Balajee Nagasubramaniam updated PARQUET-1656:
---------------------------------------------
    Description: 
Following exception was seen with parquet 1.8.1 (and in parquet 1.12.0, when 
trying to reproduce it).

Exception in thread "main" java.lang.ClassCastException: optional binary 
phone_number (STRING) is not a group
at 
com.uber.komondor.shaded.org.apache.parquet.schema.Type.asGroupType(Type.java:250)
at 
com.uber.komondor.shaded.org.apache.parquet.avro.AvroRecordConverter.newConverter(AvroRecordConverter.java:279)
at 
com.uber.komondor.shaded.org.apache.parquet.avro.AvroRecordConverter.newConverter(AvroRecordConverter.java:232)
at 
com.uber.komondor.shaded.org.apache.parquet.avro.AvroRecordConverter.access$100(AvroRecordConverter.java:78)
at 
org.apache.parquet.avro.AvroRecordConverter$AvroCollectionConverter$ElementConverter.<init>(AvroRecordConverter.java:536)
at 
org.apache.parquet.avro.AvroRecordConverter$AvroCollectionConverter.<init>(AvroRecordConverter.java:486)
at 
org.apache.parquet.avro.AvroRecordConverter.newConverter(AvroRecordConverter.java:289)
at 
org.apache.parquet.avro.AvroRecordConverter.<init>(AvroRecordConverter.java:141)
at 
org.apache.parquet.avro.AvroRecordConverter.newConverter(AvroRecordConverter.java:279)
at 
org.apache.parquet.avro.AvroRecordConverter.<init>(AvroRecordConverter.java:141)
at 
org.apache.parquet.avro.AvroRecordConverter.<init>(AvroRecordConverter.java:95)
at 
org.apache.parquet.avro.AvroRecordMaterializer.<init>(AvroRecordMaterializer.java:33)
at 
org.apache.parquet.avro.AvroReadSupport.prepareForRead(AvroReadSupport.java:138)
at 
org.apache.parquet.hadoop.InternalParquetRecordReader.initialize(InternalParquetRecordReader.java:183)
at org.apache.parquet.hadoop.ParquetReader.initReader(ParquetReader.java:156)
at org.apache.parquet.hadoop.ParquetReader.read(ParquetReader.java:135)
at 
util.ParquetToAvroSchemaConverter$.convert(ParquetToAvroSchemaConverter.scala:46)
at 
util.ParquetToAvroSchemaConverter$.main(ParquetToAvroSchemaConverter.scala:20)
at util.ParquetToAvroSchemaConverter.main(ParquetToAvroSchemaConverter.scala)
at sun.reflect.NativeMethodAccessorImpl.invoke0(Native Method)
at sun.reflect.NativeMethodAccessorImpl.invoke(NativeMethodAccessorImpl.java:62)
at 
sun.reflect.DelegatingMethodAccessorImpl.invoke(DelegatingMethodAccessorImpl.java:43)
at java.lang.reflect.Method.invoke(Method.java:498)
at org.apache.hadoop.util.RunJar.run(RunJar.java:221)
at org.apache.hadoop.util.RunJar.main(RunJar.java:136)

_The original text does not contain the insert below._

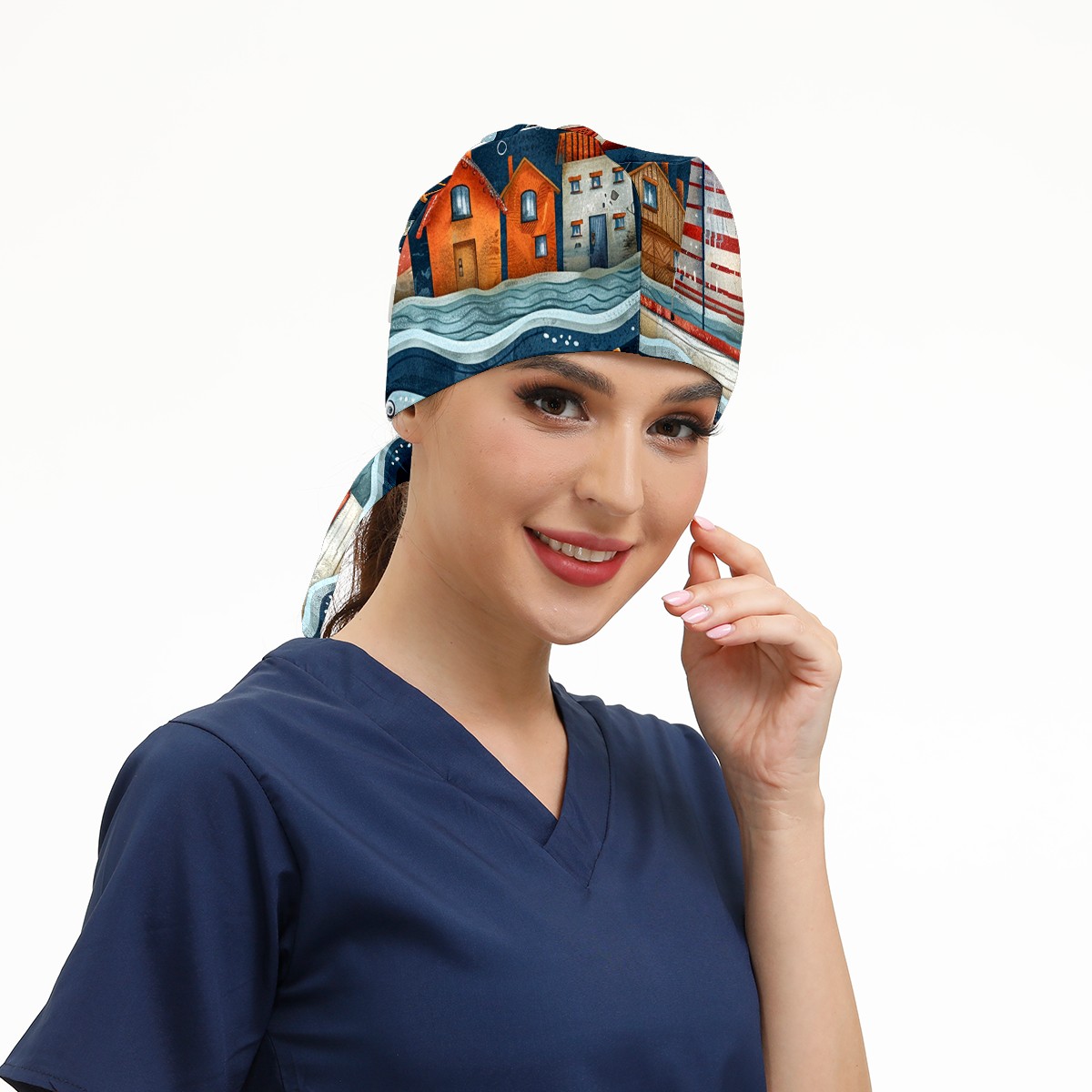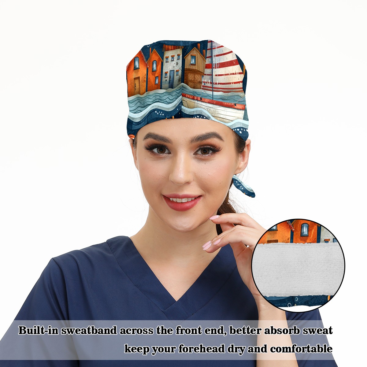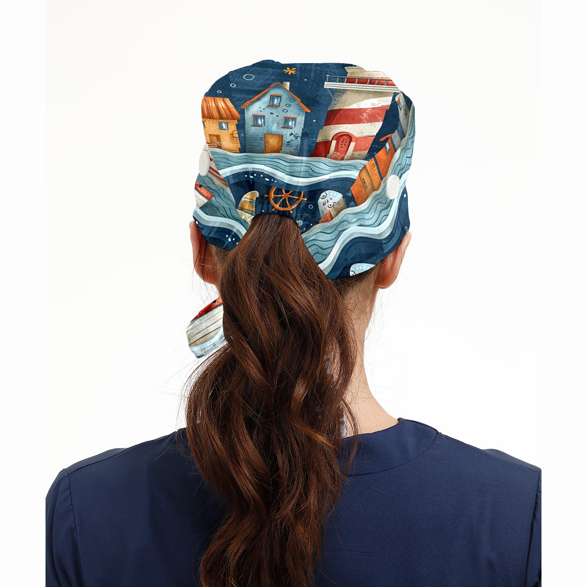 Working Caps with Button & Sweatband Satin Lined Cotton Adjustable Nurse Hats Elastic Band Scrub Cap Surgeon Hat Castle
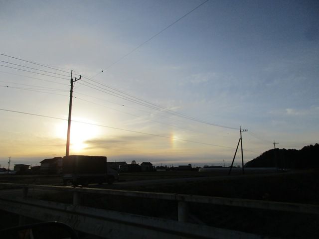 昨日がこの冬一番の冷え込みだったので今日は少し暖かでももちろん氷点下です昼間は風も弱く穏やかですが寒いですね最高気温1ケタ台でした現場に行ってもちょっとしか外に出ないのであまり関係ないですけどね今朝はちょっと雲が多め通勤途中に変わった現象が現実に見えた幻日だとおもう太陽と同じ高度の太陽から離れた位置に光が見える大気光学現象通常、幻日は太陽から約22度離れた太陽と同じ高度の位置に見えるそうです(詳しくは)片方だけ見られる時もあれば両脇に現れることも両側に出たってことは珍しいのかな幻日が見られるとお天気が下り坂という情報もありますがこちらはお天気続きそう見えたのが朝ですからねでも冬の嵐がご注意ください良い週末を

Original exception was triggered by the following schema change.
Schema Before change:
                         {
                            "default": null,
                            "name": "master_cluster",
                            "type": [
                                "null",
                                {
                                    "fields": [
                                        {
                                            "name": "uuid",
                                            "type": "string"
                                        },
                                        {
                                            "name": "namespace",
                                            "type": "string"
                                        },
                                        {
                                            "name": "version",
                                            "type": "long"
                                        }
                                    ],
                                    "name": "master_cluster",
                                    "type": "record"
                                }
                            ]
                        },

After schema change:
                        {
                            "default": null,
                            "name": "master_cluster",
                            "type": [
                                "null",
                                {
                                    "fields": [
                                        {
                                            "default": null,
                                            "name": "uuid",
                                            "type": [
                                                "null",
                                                "string"
                                            ]
                                        },
                                        {
                                            "default": null,
                                            "name": "namespace",
                                            "type": [
                                                "null",
                                                "string"
                                            ]
                                        },
                                        {
                                            "default": null,
                                            "name": "version",
                                            "type": [
                                                "null",
                                                "long"
                                            ]
                                        }
                                    ],
                                    "name": "VORGmaster_cluster",
                                    "type": "record"
                                }
                            ]
                        },

We were suspecting PARQUET-1441 could be in play and tried to reproduce the 
issue on parquet-1.12.0 and seeing the same exception.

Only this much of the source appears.